▶ **Requirement**: Set down a true copy of the data, with all pictures left out.

──────── Data shown

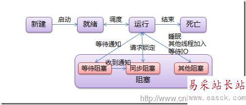 等待阻塞是指等待其他線程通知的狀態(tài),線程獲得條件鎖定后,調(diào)用“等待”將進(jìn)入這個狀態(tài),一旦其他線程發(fā)出通知,線程將進(jìn)入同步阻塞狀態(tài),再次競爭條件鎖定;
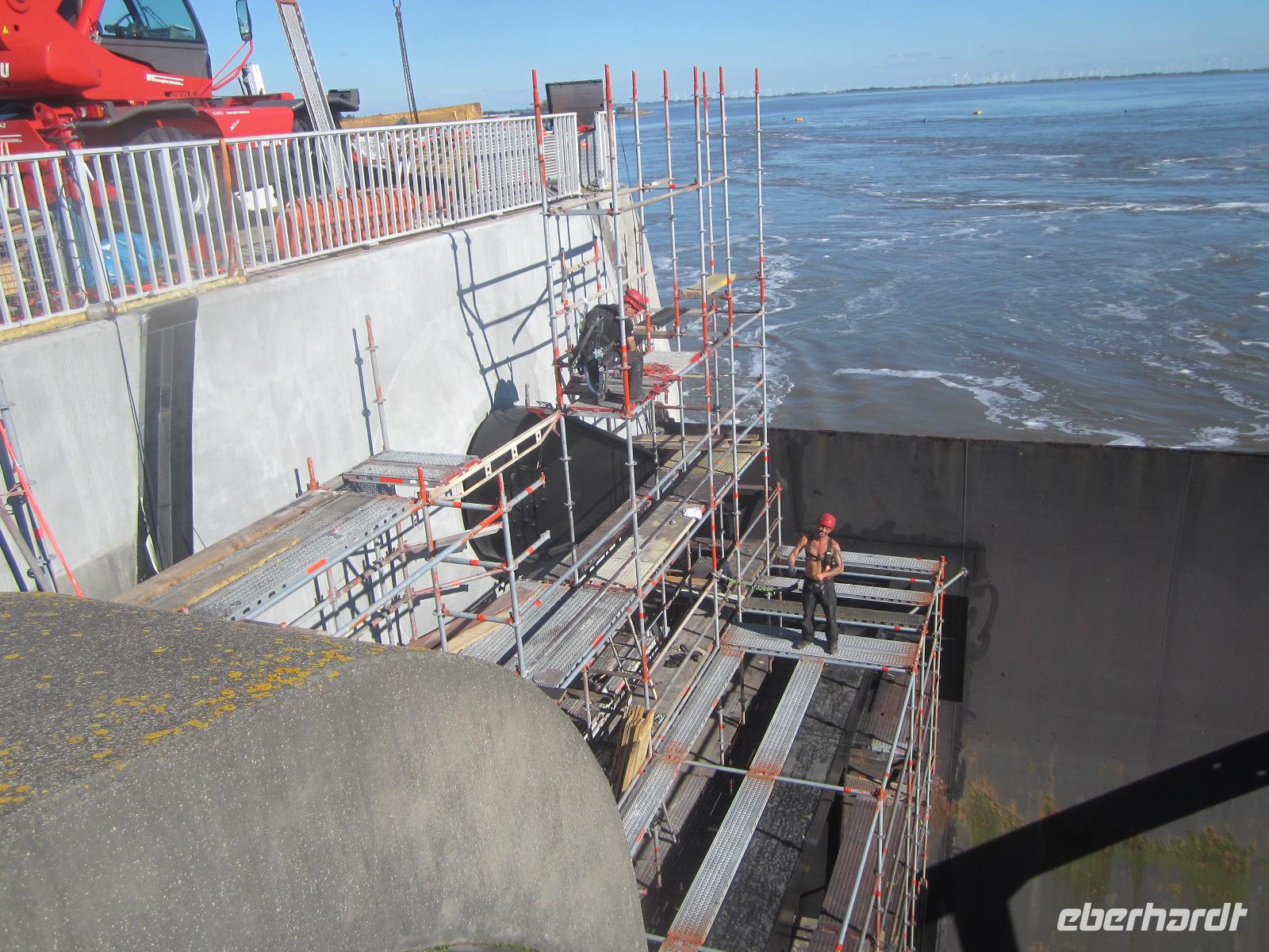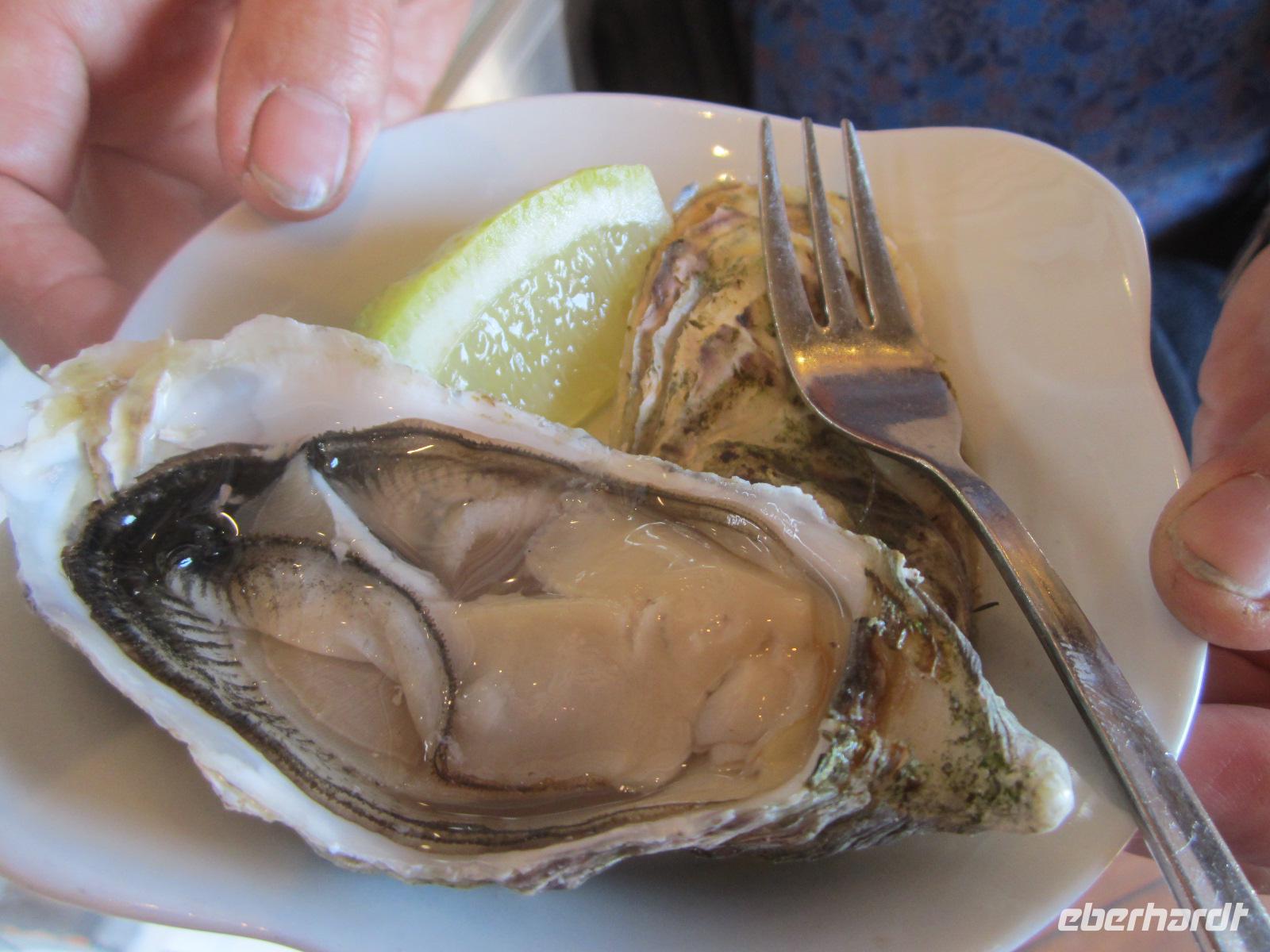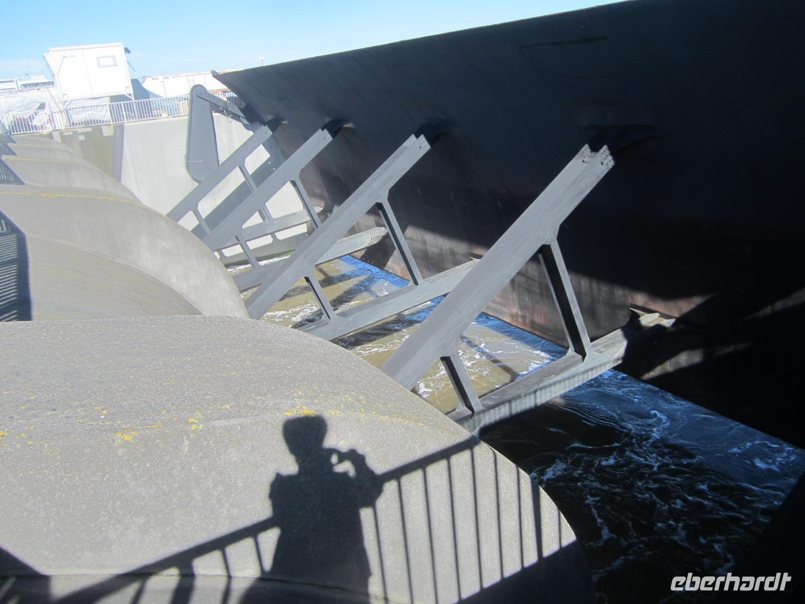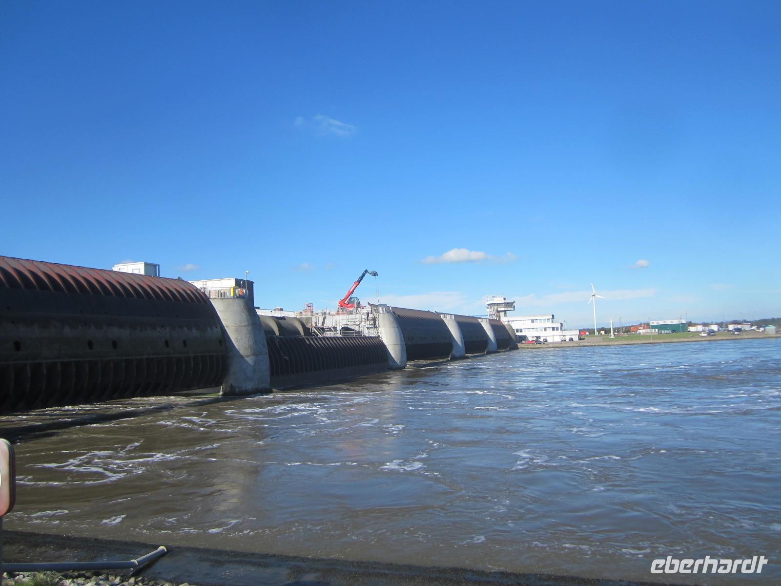 zu sehen. Auf dem Weg dahin sehen wir uns den historischen Hafen von Tönning an. Gegen 14.00 Uhr erreichen wir dann das Eidersperrwerk. Dieses trennt seit 1973 die Eidermündung von der offenen Nordsee. Wir sehen die fünf 40 Meter breiten Stömungstore, die bei günstigen Wetter offen sind und bei Sturmflut geschlossen werden. Beeindruckt von dem größten deutschen Küstenschutzbauwerk setzten wir unsere Fahrt fort und besuchen eines der beliebtesten Touristenzentren von Eiderstedt, St.Peter-Ording. Der Ort ist bekannt für seine Strandsegler, den Schwefelquellen und den Restaurants auf Pfählen. Für uns ist dieser Ort Anlass, heute noch einmal zu Gosch zu gehen und diesmal Austern zu schlürfen. Für einige von uns das erste Mal. Probiert haben es aber (fast) alle von uns. Auf unserer Fahrt zum Hotel verabschiedend wir uns von Herrn Erichsen und sind sehr zufrieden mit dem heutigen Tag, dem Programm und der Sonne, die wir auch heute erleben konnten.
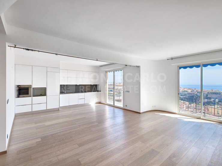 Rare penthouse de 4 pièces avec toit terrasse offrant une magnifique vue mer et Palais Princier situé dans un immeuble bourgeois. L'appartement est refait à neuf.

────────────────

▶ **Result of the task**:
 等待阻塞是指等待其他線程通知的狀態(tài),線程獲得條件鎖定后,調(diào)用“等待”將進(jìn)入這個狀態(tài),一旦其他線程發(fā)出通知,線程將進(jìn)入同步阻塞狀態(tài),再次競爭條件鎖定;
 zu sehen. Auf dem Weg dahin sehen wir uns den historischen Hafen von Tönning an. Gegen 14.00 Uhr erreichen wir dann das Eidersperrwerk. Dieses trennt seit 1973 die Eidermündung von der offenen Nordsee. Wir sehen die fünf 40 Meter breiten Stömungstore, die bei günstigen Wetter offen sind und bei Sturmflut geschlossen werden. Beeindruckt von dem größten deutschen Küstenschutzbauwerk setzten wir unsere Fahrt fort und besuchen eines der beliebtesten Touristenzentren von Eiderstedt, St.Peter-Ording. Der Ort ist bekannt für seine Strandsegler, den Schwefelquellen und den Restaurants auf Pfählen. Für uns ist dieser Ort Anlass, heute noch einmal zu Gosch zu gehen und diesmal Austern zu schlürfen. Für einige von uns das erste Mal. Probiert haben es aber (fast) alle von uns. Auf unserer Fahrt zum Hotel verabschiedend wir uns von Herrn Erichsen und sind sehr zufrieden mit dem heutigen Tag, dem Programm und der Sonne, die wir auch heute erleben konnten.
 Rare penthouse de 4 pièces avec toit terrasse offrant une magnifique vue mer et Palais Princier situé dans un immeuble bourgeois. L'appartement est refait à neuf.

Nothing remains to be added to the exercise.